|I wonder where that mug got to...|
I've wondered about continuing here and would like to keep the record of our life happening for the childers. I have been guilty of climbing on the Instagram express because it is just so easy and quick and you don't have to be at a computer. Not that there's anything wrong with that it is just not as nourishing sometimes- a Macca's snack as opposed to a balanced full bloggy meal It just feels like time to reconnect and get some thoughts down and out of my head.
The very evening I wrote the last happy post in the cubby, we got a call that something nasty had been found in the excised breast reduction tissue. There I was all happy and chilled on my cloud 9 drugs thinking it was all done and dusted. Finally I had symmetry, new perkier ladies that were mine, all mine and they tell me it's all about to start again??? That was a whole three days of thinking we could maybe get back to being normal again.
|Must get back to the cubby this holiday for R and R.|
So it was a bit of a shock. When I mentioned this to the doctor who had performed the operation he commented that he was "a bit surprised" too. Of course he was, as he had not bothered to mark the tissue or request tumour margins or mentioned that I had a tiny bit of breast cancer history on his pathology request forms. So the pathology told us nothing- just that it was there. We don't know if there was more or if it was contained or if there were safe margins because he didn't ask for them in the most routine of tests usually done for that procedure. To make matters worse, the wee beasty lump had not shown up in the $500 non-rebatable MRI weeks before- or the ultrasound or the mammogram earlier in the year. I have rather lost faith in these ridiculously expensive tests. Anyhoo, the surgeon said he was a little surprised as he gazed out the window, giving me no eye contact and no apology. I would prefer not to see him again.

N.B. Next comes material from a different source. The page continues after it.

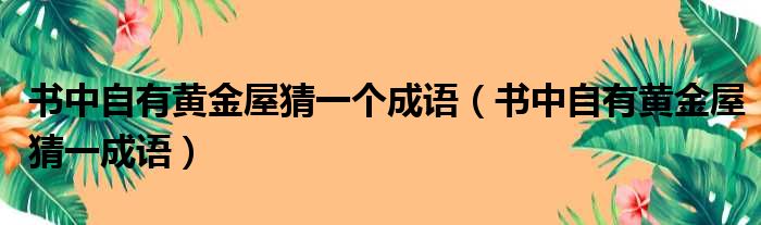 书中自有黄金屋猜一个成语(书中自有黄金屋猜一成语)

|The annoying doctor Tweedle with his poking fingers.|
So the option was another mastectomy which could be followed by months of reconstructive surgery with expanders and implant to follow or a more conservative course of radium again. I opted for the latter. There was just one person who thought I should just be off with it's head to be sure to be sure, but I am still at more risk from the original B.C. and really could not face more surgery and hospitalisation after last year. The possibility of another muffinectomy to rebuild a breast was impossible as they had used it all up. If only they could do a buttockectomy- but alas. Maybe I'll regret it later but my mind just could not accept another major amputation and surgical recovery. My family simply wasn't up to it either.

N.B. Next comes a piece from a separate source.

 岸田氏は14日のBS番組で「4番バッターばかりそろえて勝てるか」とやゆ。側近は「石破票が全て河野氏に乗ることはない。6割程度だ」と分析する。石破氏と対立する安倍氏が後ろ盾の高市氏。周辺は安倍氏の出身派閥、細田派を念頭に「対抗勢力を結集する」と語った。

|Part of a graffiti piece from work that reminds me of radium treatment...|
|The view from my old desk- sigh|
I have the time for a brief window to regroup and reconnect with you all if anyone is still out there. It seems many of us have gone over to the instagram side and I have caught up with a couple of you there but it did not feel like the way to share this wee story. Hopefully this clears up a few of the questions and kind enquiries from you gentle souls. Your support was always beyond imaginable when this began in 2012.
Sometimes it feels easier to be open to people outside the immediate family and friend circle where so much is clouded by emotion and angst and a misguided compulsion to try to help in all the wrong ways.
|a "foxy-moron": when love stings|
Thanks for the past and for the now and, hopefully, for the future if I can get my blogojo back and there is somebody still reading out in the cyber wilderness.